Symptom fix (wrong): Validate cwd in git module Source fix (right): Make tempDir a getter that throws if accessed before init
function setupTest() {
let _tempDir: string | undefined;
return {
beforeEach() {
_tempDir = makeTempDir();
},
get tempDir(): string {
if (!_tempDir) {
throw new Error("tempDir accessed before beforeEach!");
}
return _tempDir;
}
};
}
Also add defense-in-depth:
- Layer 1: Getter throws if accessed early
- Layer 2: Project.create validates directory not empty
- Layer 3: WorkspaceManager validates directory exists
- Layer 4: NODE_ENV guard prevents git init outside test dirs
Finding Which Test Pollutes
When something appears during tests but you don't know which test:
Binary Search Approach
# Run half the tests
npm test tests/first-half/*.test.ts
# Does pollution appear? Yes → in first half
# No → in second half
# Subdivide and repeat
npm test tests/first-quarter/*.test.ts
# Continue until you find the specific test file
npm test tests/auth/*.test.ts
npm test tests/auth/login.test.ts ← Found it!
Or Use Test Isolation
# Run tests one at a time
for test in tests/**/*.test.ts; do
echo "Testing: $test"
npm test "$test"
if [ -d .git ]; then
echo "FOUND POLLUTER: $test"
break
fi
done
Key Principles
Never Fix Symptoms
❌ Wrong: Add validation deep in stack
fn git_init(directory: &str) {
if directory.is_empty() {
panic!("Directory cannot be empty"); // Band-aid
}
Command::new("git").arg("init").current_dir(directory).run()
}
✓ Right: Fix at source where empty string created
fn create_project(directory: &str) {
if directory.is_empty() {
return Err("Directory required");
}
// Now git_init will never receive empty string
git_init(directory)
}
Trace Until You Find the Source
Don't stop at first suspicious code. Keep tracing backward until you find:
- Where invalid data was created
- Where incorrect assumption was made
- Where validation should have happened but didn't
Then Add Defense in Depth
After fixing source, add validation at each layer:
// Layer 1: API - Reject invalid input (SOURCE FIX)
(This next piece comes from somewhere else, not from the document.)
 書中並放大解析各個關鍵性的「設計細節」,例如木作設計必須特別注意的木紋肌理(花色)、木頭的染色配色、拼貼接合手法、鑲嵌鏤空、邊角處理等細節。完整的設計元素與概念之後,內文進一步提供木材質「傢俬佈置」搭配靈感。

if directory.is_empty() { return Err(...); }
// Layer 2: Service - Validate assumptions
assert!(!directory.is_empty());
// Layer 3: Utility - Defensive check
if directory.is_empty() { panic!("invariant violated"); }
But: Fix at source first. Defense is backup, not primary fix.
Integration with hyperpowers:debugging-with-tools
Use hyperpowers:root-cause-tracing when:
- hyperpowers:debugging-with-tools Phase 2: "Trace Backward Through Call Stack"
- Error is deep in execution
- Stack trace shows multiple layers
- Need to find original trigger
Pattern:
- Start with hyperpowers:debugging-with-tools
- In Phase 2, use hyperpowers:root-cause-tracing for deep stack analysis
- Return to hyperpowers:debugging-with-tools with root cause identified
Quick Reference
| Step | Action | Tool | Who Uses It |
|---|---|---|---|
| 1. Symptom | Read error, find location | Error message | Claude |
| 2. Immediate cause | What code threw error? | Stack trace | Claude |
| 3. Trace up | What called this? | Stack trace | Claude |
| 4. Keep tracing | What called that? | Debugger OR instrumentation | User (Claude guides) OR Claude (adds logging) |
| 5. Find source | Where did bad value originate? | Debugger OR instrumentation | User (Claude guides) OR Claude (adds logging) |
| 6. Fix source | Address root cause | Code change | Claude |
| 7. Add defense | Validate at each layer | Multiple checks | Claude |
Note: Claude guides user through debugger OR adds instrumentation Claude can run.
Remember
- Symptoms appear deep, sources are shallow
- Fix at source, not at symptom
- Use debugger to navigate call stack
- Trace backward until you find the original trigger
- Then add defense at each layer as backup
- Never fix just where error appears
Tracing takes 10 extra minutes. Fixing symptoms wastes days.